→ **Required work**: Output only the stretch of the listing that starts at the line containing "Ryc. 1. Relacje" and ends at the line containing "Środowisko przyrodnicze –", reproduced exactly with both ends.

→ **Provided material**:

════

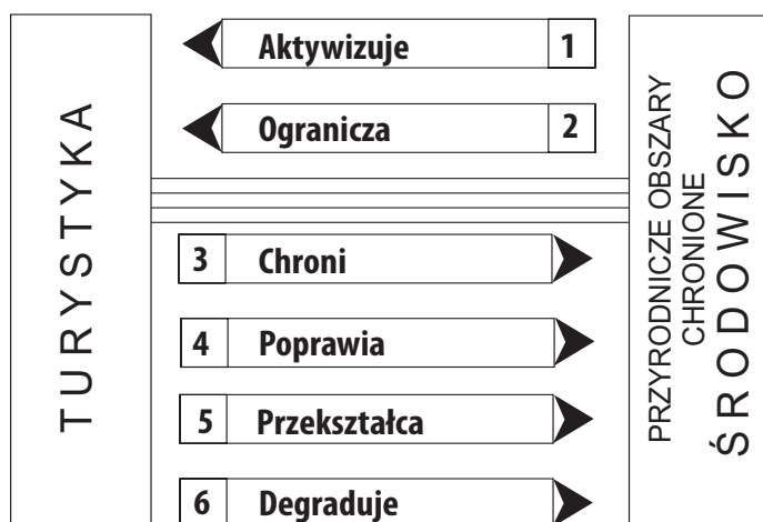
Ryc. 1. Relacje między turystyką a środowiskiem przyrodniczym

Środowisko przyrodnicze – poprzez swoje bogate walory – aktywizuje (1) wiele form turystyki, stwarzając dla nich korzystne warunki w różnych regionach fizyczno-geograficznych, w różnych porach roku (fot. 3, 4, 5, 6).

════

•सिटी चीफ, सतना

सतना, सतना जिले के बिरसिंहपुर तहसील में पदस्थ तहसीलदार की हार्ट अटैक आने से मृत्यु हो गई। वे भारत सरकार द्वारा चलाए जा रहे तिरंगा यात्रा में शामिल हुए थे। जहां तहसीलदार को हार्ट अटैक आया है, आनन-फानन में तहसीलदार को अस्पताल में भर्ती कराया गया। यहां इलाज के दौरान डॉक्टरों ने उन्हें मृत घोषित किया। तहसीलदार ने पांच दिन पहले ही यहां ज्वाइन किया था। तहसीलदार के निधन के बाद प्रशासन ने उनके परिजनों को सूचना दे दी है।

════

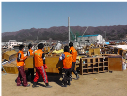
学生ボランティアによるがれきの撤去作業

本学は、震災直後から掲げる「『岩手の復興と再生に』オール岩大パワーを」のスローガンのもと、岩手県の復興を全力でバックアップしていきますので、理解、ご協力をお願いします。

════

→ **Output for this exercise**:
Ryc. 1. Relacje między turystyką a środowiskiem przyrodniczym

Środowisko przyrodnicze – poprzez swoje bogate walory – aktywizuje (1) wiele form turystyki, stwarzając dla nich korzystne warunki w różnych regionach fizyczno-geograficznych, w różnych porach roku (fot. 3, 4, 5, 6).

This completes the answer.